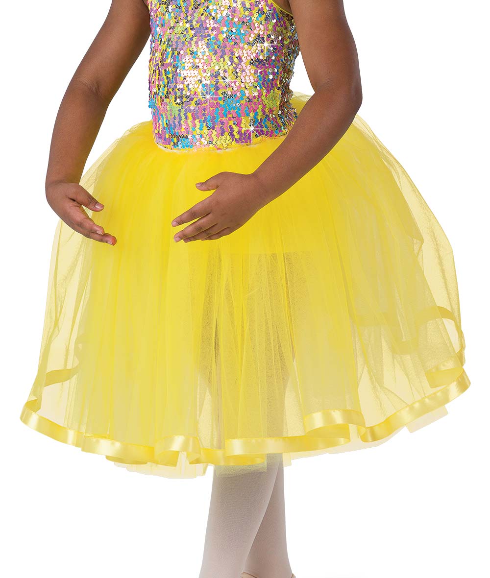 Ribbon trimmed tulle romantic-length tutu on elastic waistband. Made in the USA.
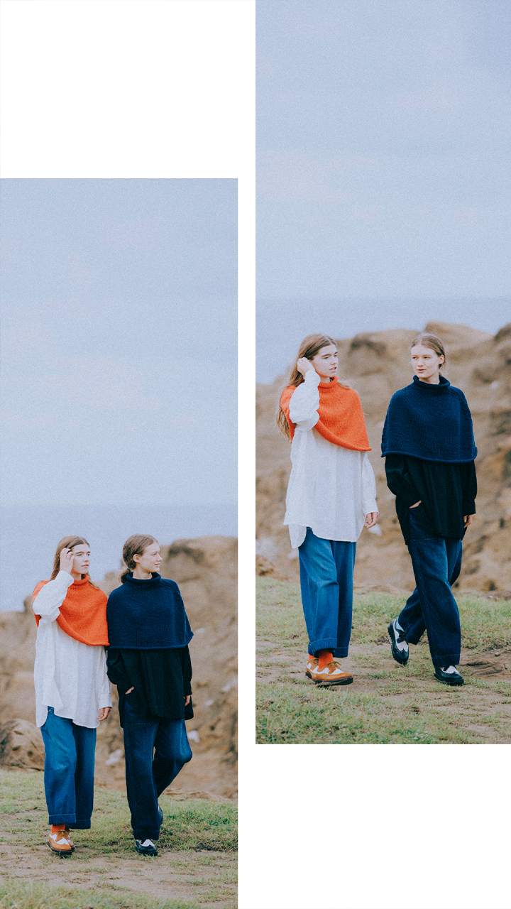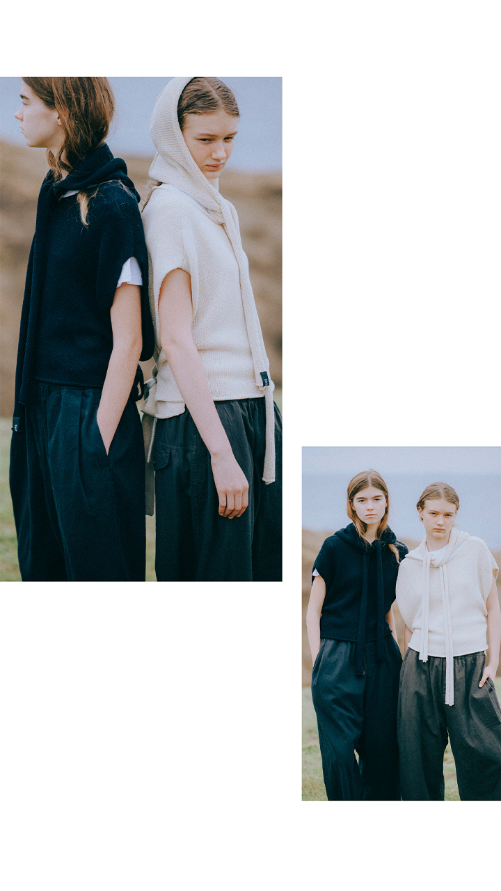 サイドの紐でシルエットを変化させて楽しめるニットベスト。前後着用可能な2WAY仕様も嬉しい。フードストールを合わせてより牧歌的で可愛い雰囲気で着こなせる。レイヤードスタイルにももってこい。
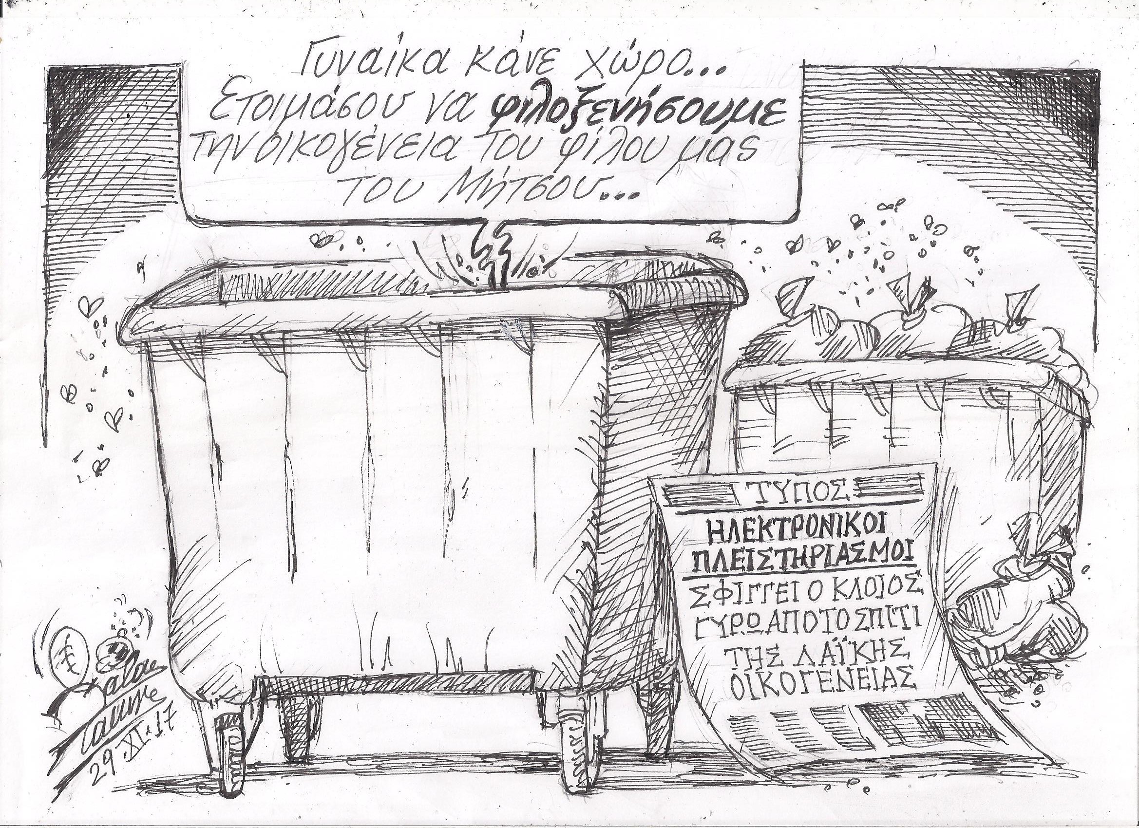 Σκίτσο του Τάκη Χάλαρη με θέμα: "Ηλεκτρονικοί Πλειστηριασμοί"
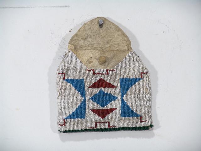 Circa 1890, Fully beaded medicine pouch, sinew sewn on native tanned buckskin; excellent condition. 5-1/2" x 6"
==
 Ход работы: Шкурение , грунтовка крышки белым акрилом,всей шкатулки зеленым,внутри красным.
==
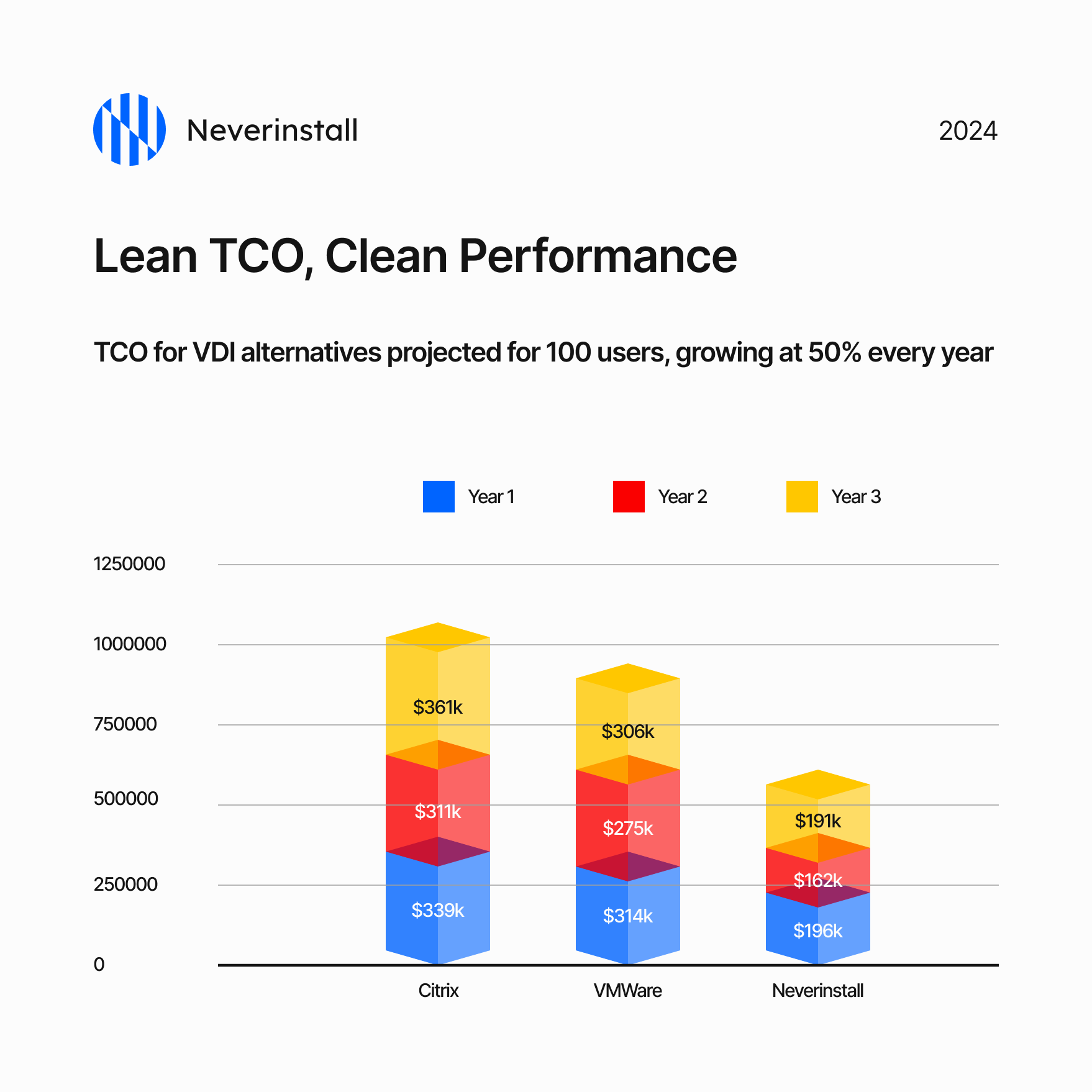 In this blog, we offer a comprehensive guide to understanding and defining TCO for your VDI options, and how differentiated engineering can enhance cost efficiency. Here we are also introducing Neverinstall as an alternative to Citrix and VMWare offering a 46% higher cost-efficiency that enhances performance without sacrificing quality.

▶ _What to do_
Look through the listing above for the line with "Σκίτσο του Τάκη" and the line with "Circa 1890, Fully". Write out exactly those lines and everything between, leaving out pictures.

▶ _Answer section_
 Σκίτσο του Τάκη Χάλαρη με θέμα: "Ηλεκτρονικοί Πλειστηριασμοί"
 Circa 1890, Fully beaded medicine pouch, sinew sewn on native tanned buckskin; excellent condition. 5-1/2" x 6"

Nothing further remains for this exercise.